Galderma argues that Teva has failed to meet its burden on anticipation because it must show that all 1% ivermectin formulations disclosed in McDaniel would necessarily achieve the claimed efficacies. (D.I. 245 at 7-9). Galderma cites no authority. To the contrary, it is well established that "[f]or a prior-art reference to be enabling, it need not enable the claim in its entirety, but instead the reference need only enable a single embodiment of the claim." In re Morsa, 803 F.3d at 1377. It is undisputed that the topical application of Soolantra, once daily, to skin affected by inflammatory lesions of rosacea, is an embodiment of the asserted claims. (D.I. 241 at 3-5 ("Galderma's Clinical Studies Establish That the Use of Soolantra® Will Meet Every Element of the Asserted Claims")). Therefore, McDaniel need only enable its treatment method with respect to Soolantra. As Soolantra is the Manetta formulation, the parties have stipulated to such enablement. (D.I. 219 at 12).

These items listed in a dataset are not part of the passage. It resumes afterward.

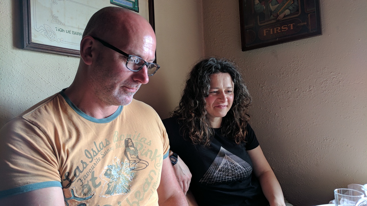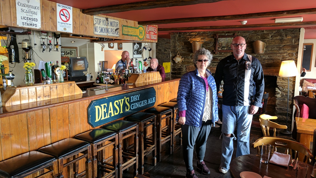 During the walk through Kinsale we stopped for a Guinness, quite more mellow here. The fireplace was using non-smokey coal brought in from Poland. Eco reasons.
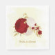 Guardanapo De Papel Vermelho escuro romântico e flores brancas dourada
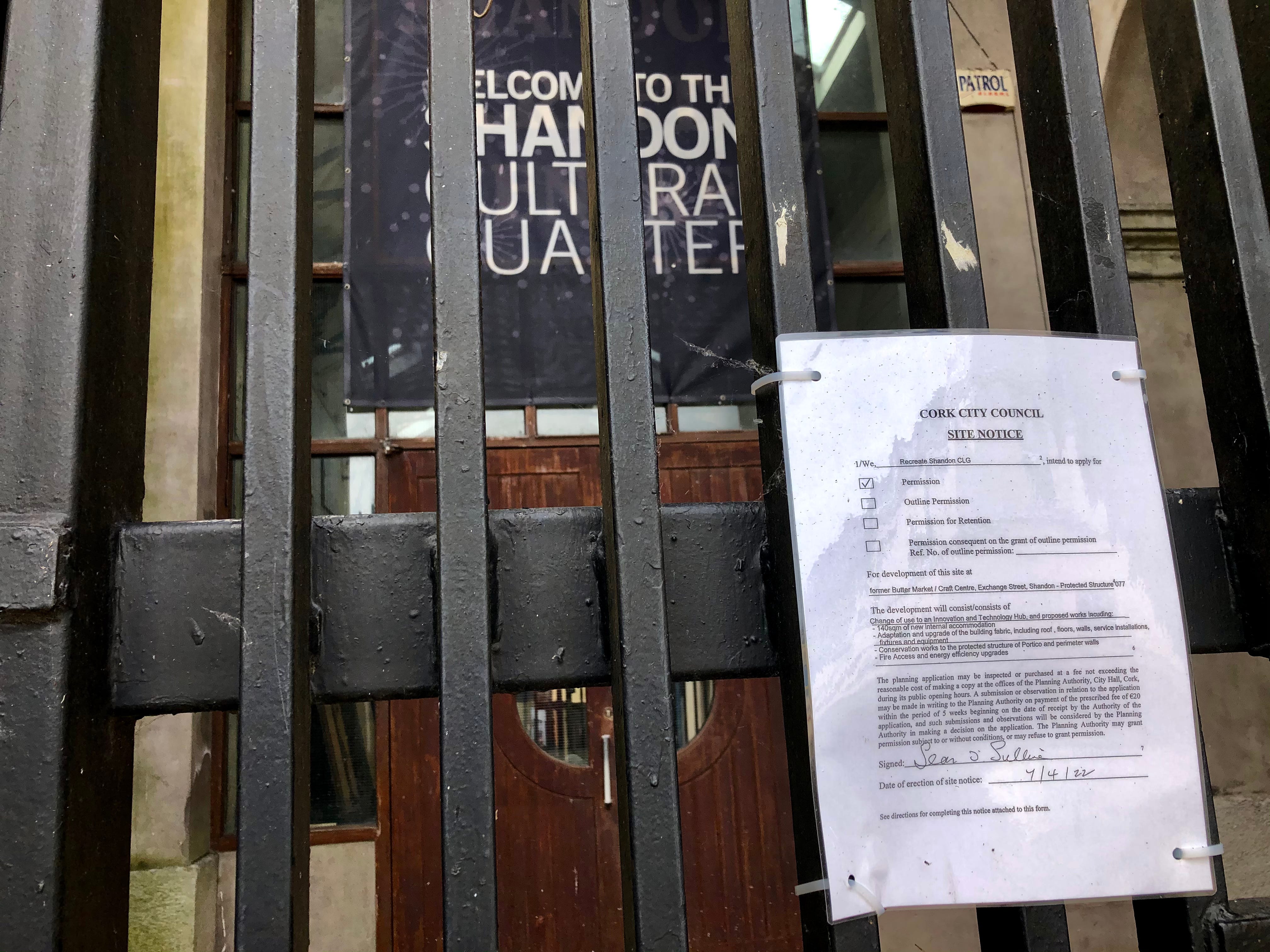 On the gate of the Butter Exchange, there’s a planning notice. A planning application for permission to convert the building into a technology and innovation hub called Shandon Exchange was lodged with Cork City Council this April.

The asserted claims consist of the same steps described in McDaniel and are directed to the same use—treating inflammatory lesions of papulopustular rosacea. "Using the same composition claimed by [Galderma] in the same manner claimed by [Galderma] naturally results in the same claimed skin benefits." See Perricone, 432 F.3d at 1380. Therefore, the claimed efficacies are nothing more than "the natural result flowing from the explicit disclosure" of the claimed treatment method. See Schering, 339 F.3d at 1379. As such, those efficacies are inherent to and anticipated by McDaniel's disclosure of the claimed treatment method.
V. CONCLUSION
For the foregoing reasons, I find each of the asserted claims invalid for anticipation by McDaniel. I therefore do not need to reach Teva's alternative invalidity arguments. As invalidity is an affirmative defense to infringement, I find none of the asserted claims infringed.
The parties shall submit a final judgment consistent with this memorandum opinion within one week.